2 LEISTUNGSMANAGEMENT UND FINANZMANAGEMENT: Behandelt werden die Rolle und Finanzierung von Satzungsleistungen, die Funktion des Zusatzbeitrags im Kassenwettbewerb sowie der Aufbau und die aktuellen Reformprobleme des morbiditätsorientierten Risikostrukturausgleichs.

3 KUNDENMANAGEMENT: Dieses Kapitel stellt Pflicht- und Wahltarife der gesetzlichen Krankenkassen gegenüber und analysiert deren Potenziale zur Kundenbindung sowie die damit verbundenen finanziellen und kalkulatorischen Risiken.

4 INNOVATIVE VERSORGUNGSFORMEN: Erörtert werden die Merkmale innovativer Versorgungsmodelle, der Systemvergleich zwischen Selektiv- und Kollektivverträgen sowie die praktische Ausgestaltung der hausarztzentrierten Versorgung nach § 73b SGB V.

5 MODELLIERUNG UND ENTSCHEIDUNGSFINDUNG: Anhand eines Entscheidungsbaums und des Standard-Gamble-Verfahrens wird eine gesundheitsökonomische Evaluation zur Behandlung von Katzenallergie durchgeführt, welche die Kosten-Effektivität des neuen Therapieverfahrens belegt.

Schlüsselwörter

Versorgungsmanagement, Gesetzliche Krankenversicherung, Satzungsleistungen, Zusatzbeitrag, Morbi-RSA, Wahltarife, Selektivverträge, Kollektivverträge, Hausarztzentrierte Versorgung, Gesundheitsökonomie, Entscheidungsbaum, Standard-Gamble-Verfahren, QALY, Kosten-Nutzwert-Relation

Häufig gestellte Fragen

Worum geht es in dieser Arbeit grundsätzlich?

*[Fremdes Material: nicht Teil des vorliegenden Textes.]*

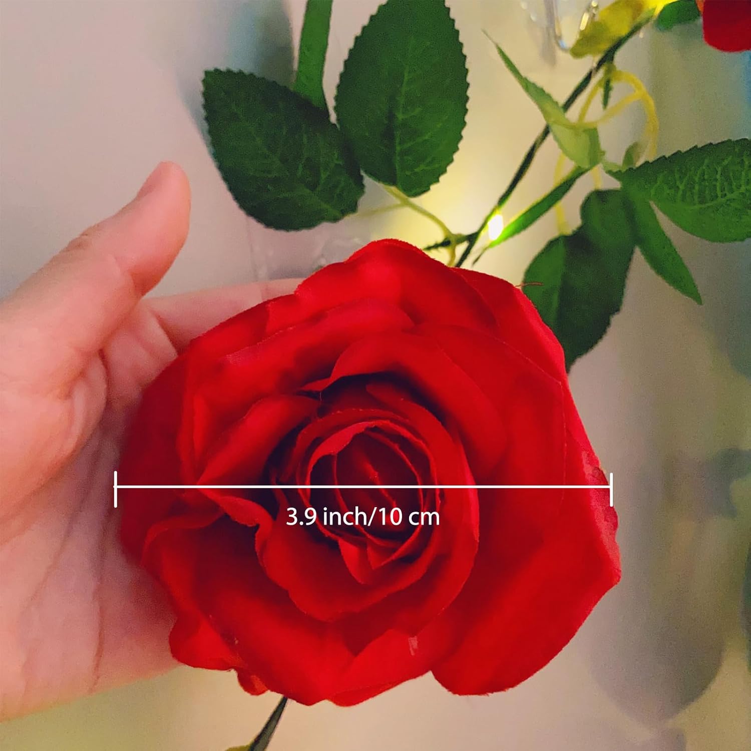 Enhance your space with these rose vine string lights designed to bring a warm and romantic atmosphere to indoor décor. This artificial flower garland measures 6.56 feet in length and features lifelike red roses combined with softly glowing LED lights. The flowers and leaves are crafted from cloth material, while the flexible plastic stems allow easy shaping for a natural and elegant appearance.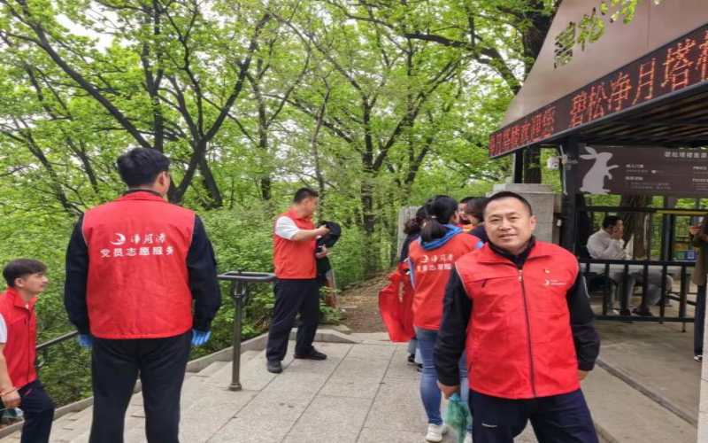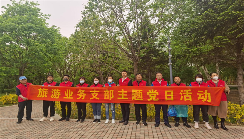为了大力弘扬景区生态文明建设,激发广大党员爱国爱企的热情,2023年5月16日旅游业务党支部开展了“传承红色基因 共创生态净月”的主题党日活动。上午8时,支部全体党员以徒步的形式沿着环潭路向着本次活动的目的地-塔楼出发,并对沿途游客遗留的烟头、垃圾等进行了清理。登上碧松净月塔楼后,党员们敲响了太平钟,祈福国泰民安,祈福景区平安、好运。太平钟楼是全国唯一的一座森林防火钟楼,是为纪念吉林省1981—1990连续十年没有重大森林火灾而修建的。楼高17米,钟高2.5米,直径1.8米,重3.3吨。钟声响起,震荡全潭,可绵延数十里。黑色玄武岩地面镌有吉林省地图,象征着吉林人民热爱黑士地的一草一木,为家、为国安定太平、繁荣昌盛祈福。汉白玉浮雕凸显净月森林的美丽壮观,彰显生态第一的发展理念。

Die Arbeit befasst sich mit den strategischen und operativen Handlungsfeldern der gesetzlichen Krankenkassen in Deutschland, insbesondere mit der Verbindung von Versorgungs-, Finanz- und Kundenmanagement sowie der ökonomischen Bewertung medizinischer Leistungen.

Welche zentralen Themenfelder werden abgedeckt?

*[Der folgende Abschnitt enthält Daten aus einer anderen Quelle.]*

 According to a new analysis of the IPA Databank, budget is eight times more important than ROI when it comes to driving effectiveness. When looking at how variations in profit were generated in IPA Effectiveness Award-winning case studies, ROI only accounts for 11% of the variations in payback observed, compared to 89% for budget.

Zu den thematischen Schwerpunkten gehören Satzungsleistungen, kassenindividuelle Zusatzbeiträge, der Risikostrukturausgleich (Morbi-RSA), Wahltarife, Selektiv- und Kollektivverträge sowie die Methodik der gesundheitsökonomischen Modellierung.

Was ist das primäre Ziel der Ausarbeitung?

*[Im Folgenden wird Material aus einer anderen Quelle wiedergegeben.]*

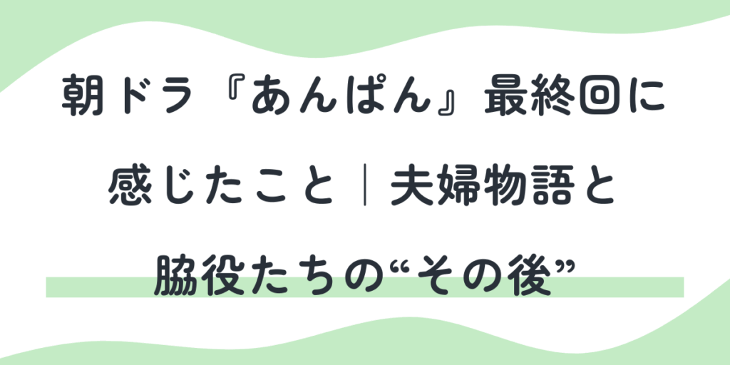 朝ドラ『あんぱん』最終回に感じたこと|夫婦物語と脇役たちの“その後”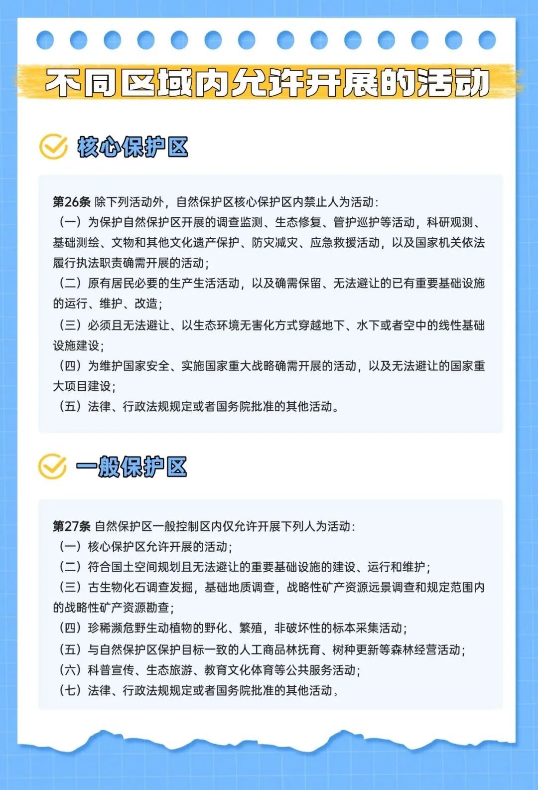 界面新闻记者防御到,国务院第三次阅兵后的《中华东说念主民共和国天然保护区条例》已于3月15日现实。中国探险协会解读,新阅兵后的《中华东说念主民共和国天然保护区条例》将沿用多年的“中枢区、缓冲区、实验区”,修改为“中枢保护区、一般收敛区”,并明确司法了不同区域内,允许开展的东说念主为步履。

Das Ziel besteht darin, die Funktionsweise und Wechselwirkungen zentraler Wettbewerbs- und Steuerungsinstrumente der Krankenkassen aufzuzeigen und anhand eines praktischen Beispiels eine nachvollziehbare gesundheitsökonomische Entscheidungsfindung durchzuführen.

Welche wissenschaftliche Methodik kommt im Modellierungsteil zum Einsatz?

Im praktischen Szenario wird ein Entscheidungsbaum in Kombination mit dem Standard-Gamble-Verfahren angewendet, um Erwartungswerte für Lebensqualität (QALYs) und Kosten zu berechnen und daraus die Kosten-Nutzwert-Relation abzuleiten.

Was wird im Hauptteil der Arbeit behandelt?

Der Hauptteil analysiert die Instrumente des Leistungs- und Kundenmanagements der GKV, vergleicht Selektivverträge mit der traditionellen Kollektivvertragsebene und evaluiert quantitative Bewertungsverfahren für Versorgungsinterventionen.

Welche zentralen Begriffe charakterisieren das Dokument?

Prägende Fachbegriffe sind unter anderem Versorgungsmanagement, Morbi-RSA, Satzungsleistungen, Zusatzbeitrag, Hausarztzentrierte Versorgung, Selektivvertrag und QALY.

Welche Funktion hat der Zusatzbeitrag im Kassenwettbewerb nach Einführung der paritätischen Finanzierung?

Durch die seit 2019 bestehende paritätische Finanzierung tragen Arbeitnehmer den Zusatzbeitrag nicht mehr allein, wodurch der reine Preiswettbewerb an Dominanz verloren hat und Kassen sich verstärkt über Service, Satzungsleistungen und Wahltarife profilieren müssen.

Welche Vor- und Nachteile bieten Selektivverträge im Vergleich zu Kollektivverträgen?

Selektivverträge ermöglichen eine flexiblere, passgenaue Ausgestaltung von Versorgungsangeboten und fördern Innovationen, verursachen jedoch aufseiten der Kassen einen höheren Verhandlungs- und Verwaltungsaufwand und können zu einem unübersichtlicheren Versorgungsgeschehen führen.

Zu welchem Ergebnis kommt die ökonomische Modellierung des Therapieverfahrens bei Katzenallergie?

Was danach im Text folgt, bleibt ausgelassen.